This post is going to make me sound really old-fashioned. Perhaps, just old.
I work with kids everyday, and even if I’m barely 10 years older than some of them, I see a stark difference between their realities and mine. While my students are hardly a conclusive sample size, I’ve observed a discrepancy between what I would expect from children, and what I actually see.
I should mention that my students are relatively privileged: at the very least, their parents care deeply about their education and have demonstrable desires for their success. But every time I sit down to work with each student, I can’t help but feel that there’s something almost missing about them.
This inadequacy is hardly their fault, but its glaring presence troubles me. Many of my students aren’t as creative as I remember being, as a child. They have a hard time coming up with their own stories, opinions, and perspectives. There’s an insolence that– I wonder– appears related to the prevalence of technology. Parents look at phones much more often now than they ever did when I was 10 years old. Perhaps conversations at the table dwindle because everyone has their own device.

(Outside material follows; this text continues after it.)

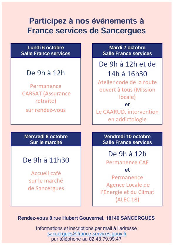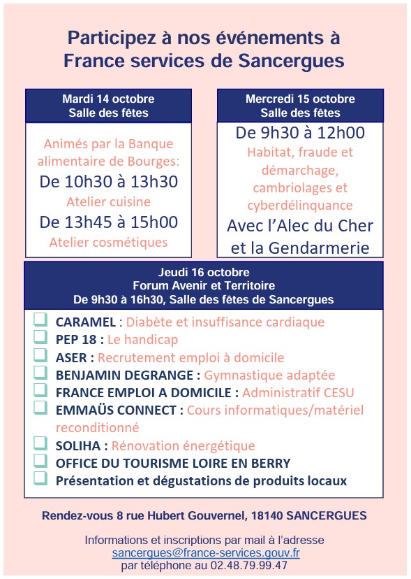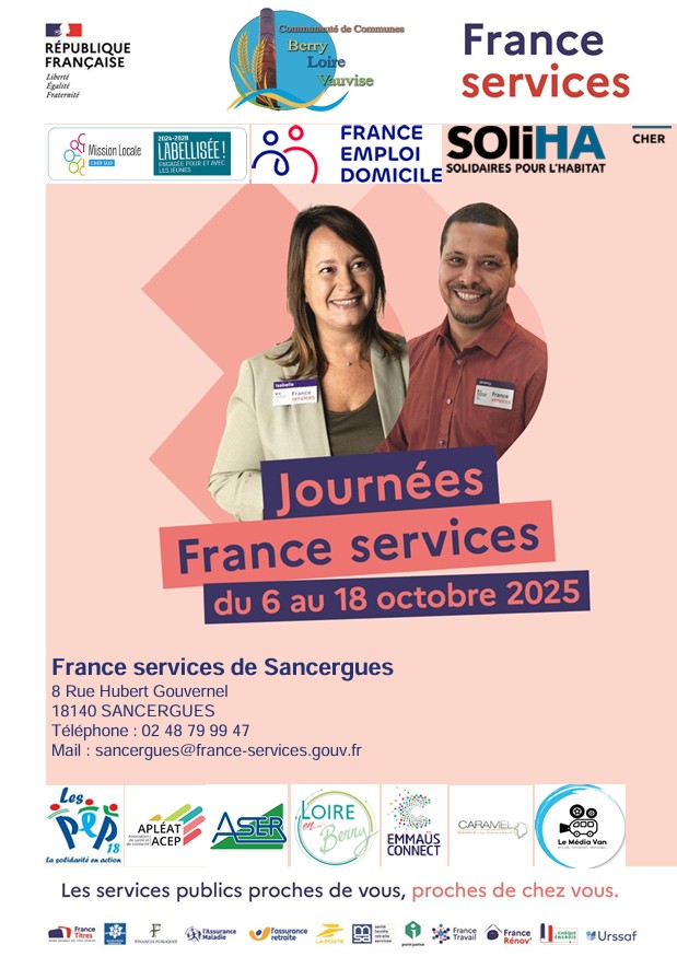 Mireille SOUM et Elise CLEMENT, conseillères, sont heureuses de vous présenter le programme de journées France services à Sancergues. " Vous aurez l'occasion de rencontrer les divers partenaires sur la Communauté de Communes Berry Loire Vauvise. Notre forum "Avenir et Territoire" sera le temps fort de ces journées jeudi 16 octobre. Celui-ci regroupera plusieurs interventions autour du handicap, de l'emploi à domicile, de la rénovation énergétique et bien plus encore. France services étant un service de proximité, il nous tenait à cœur d'inviter divers producteurs locaux et de leur donner la possibilité de mettre en avant leur travail. Aussi, plusieurs d'entre eux ont accepté de faire des dégustations à cette occasion (café, fromage, miel, confiseries...). Nous comptons sur votre soutien en partageant largement ces informations et serions ravies de vous retrouver du 6 au 16 octobre lors de ces manifestations. " Vous trouverez ci-joint le flyer que vous pouvez imprimer ou venir chercher à la mairie. Informations et inscription par mail : sancergues@france-services.gouv.fr ou téléphone au 02.48.79.99.47 |

On top of that, my students are busy. When I was growing up, I spent a lot of my time spacing out and doing nothing in particular. I drew pictures, I wrote stories, I played outside. Yes, I also played piano, took dance lessons and volunteered, but my “work” day wasn’t 12 hours long. Now I begin tutoring with some of my students as they’re rushing in from ballet or soccer– still leotard-clad or soccer-cleat-shod.
I can’t speak to how Aaron and I will be as parents– the choices we’ll make, the challenges we’ll face. But I do know that there’s a sweet, innocent, and colorful childhood that I still hold in my mind as the ideal. I want our children to know that season before delving into the woes of our world and being a part of healing it. I want them to experience joy at its purest before joining us in the sorrow of adulthood and the small increments of victory we seek. As children, I hope they’ll have less to win, and more to simply be.
10 Simple Things I Want For My Kids
1) Friends nearby who come over unannounced.
2) A patch of dirt to dig and cultivate.
3) Scraps and materials for making toys and creating art.
4) A place at the table where they must engage and express.
5) Age-appropriate work that makes them feel valued.
6) Stories to hear and stories to tell.
7) Opportunities to visit new places, nearby or far away.
8) Family members and mentors to lead them.
9) Possessions to call their own and people to share them with.
10) Confidence in the truth that they matter, their community matters, and we all matter.
Perhaps I’m nostalgic for a time in human history that never really existed, but I’m hopeful. I’m hopeful that these things are not so much purchased as cultivated. And I’m hopeful that we’ll be able to raise our children with likeminded people who want the same thing for their kids.